Using the listing below, set down exactly the lines from the one that contains "A 1-sided, post-mounted" through the one that contains "米国株投資 【20251201】US stock", with no pictures.

THE DATA>
============================================================
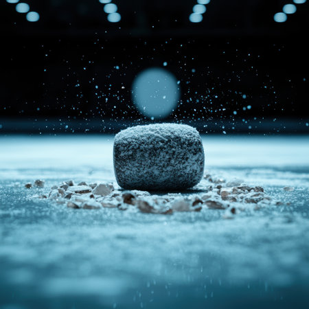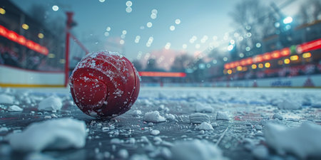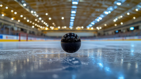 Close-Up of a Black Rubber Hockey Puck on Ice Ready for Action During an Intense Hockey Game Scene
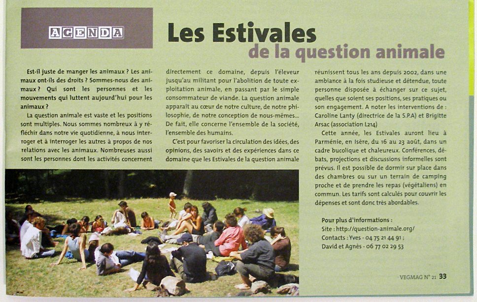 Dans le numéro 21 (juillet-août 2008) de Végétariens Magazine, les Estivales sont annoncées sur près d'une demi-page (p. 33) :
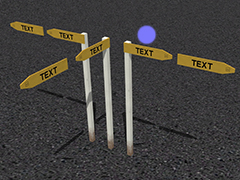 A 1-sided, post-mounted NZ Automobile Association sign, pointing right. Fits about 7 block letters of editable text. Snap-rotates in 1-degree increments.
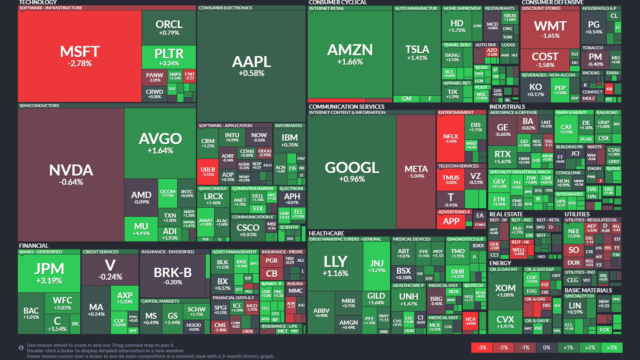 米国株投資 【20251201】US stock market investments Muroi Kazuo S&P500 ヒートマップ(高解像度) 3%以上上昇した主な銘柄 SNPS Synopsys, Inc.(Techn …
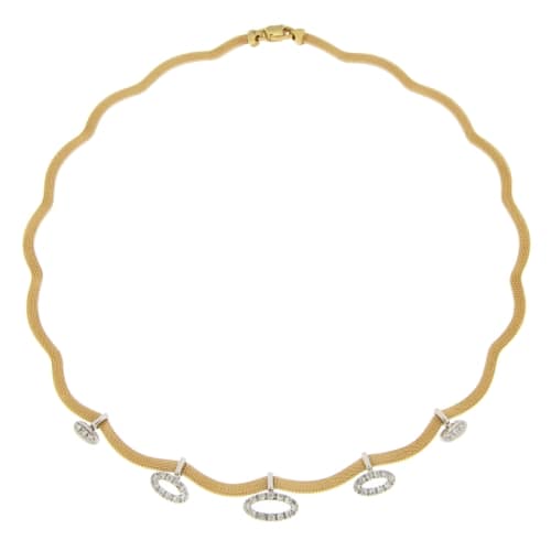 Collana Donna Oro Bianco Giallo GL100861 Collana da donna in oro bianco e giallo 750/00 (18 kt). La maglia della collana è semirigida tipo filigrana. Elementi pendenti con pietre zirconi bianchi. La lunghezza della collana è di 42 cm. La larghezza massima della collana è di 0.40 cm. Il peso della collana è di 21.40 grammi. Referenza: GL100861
============================================================
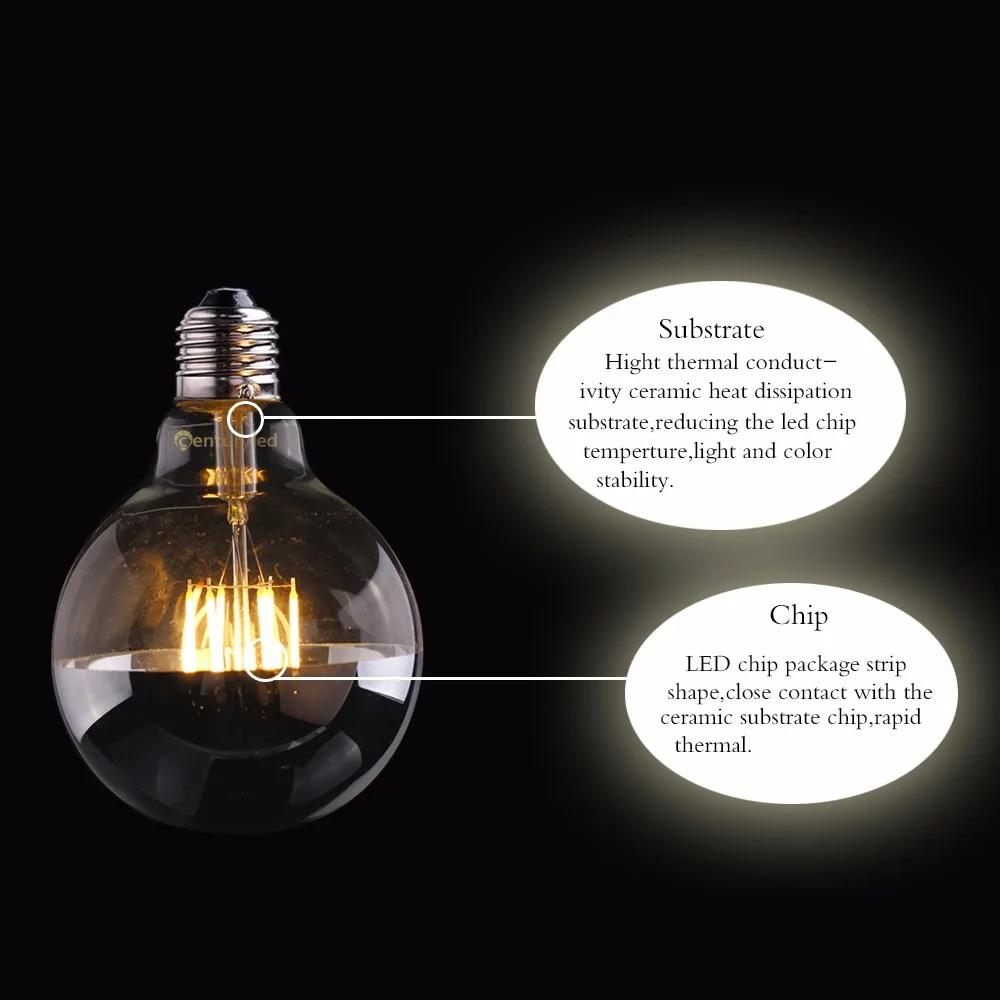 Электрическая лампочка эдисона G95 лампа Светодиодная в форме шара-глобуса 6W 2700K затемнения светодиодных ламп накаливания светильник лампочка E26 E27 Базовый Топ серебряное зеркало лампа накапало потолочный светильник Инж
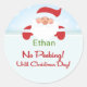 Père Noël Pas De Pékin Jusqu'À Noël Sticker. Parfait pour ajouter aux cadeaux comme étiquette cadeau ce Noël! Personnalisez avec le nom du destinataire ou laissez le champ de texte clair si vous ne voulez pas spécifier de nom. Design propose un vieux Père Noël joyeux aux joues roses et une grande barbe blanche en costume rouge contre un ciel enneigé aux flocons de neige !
============================================================
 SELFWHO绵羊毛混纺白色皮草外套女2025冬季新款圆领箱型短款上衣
============================================================
OUTPUT FOR THIS TASK>
 A 1-sided, post-mounted NZ Automobile Association sign, pointing right. Fits about 7 block letters of editable text. Snap-rotates in 1-degree increments.
 米国株投資 【20251201】US stock market investments Muroi Kazuo S&P500 ヒートマップ(高解像度) 3%以上上昇した主な銘柄 SNPS Synopsys, Inc.(Techn …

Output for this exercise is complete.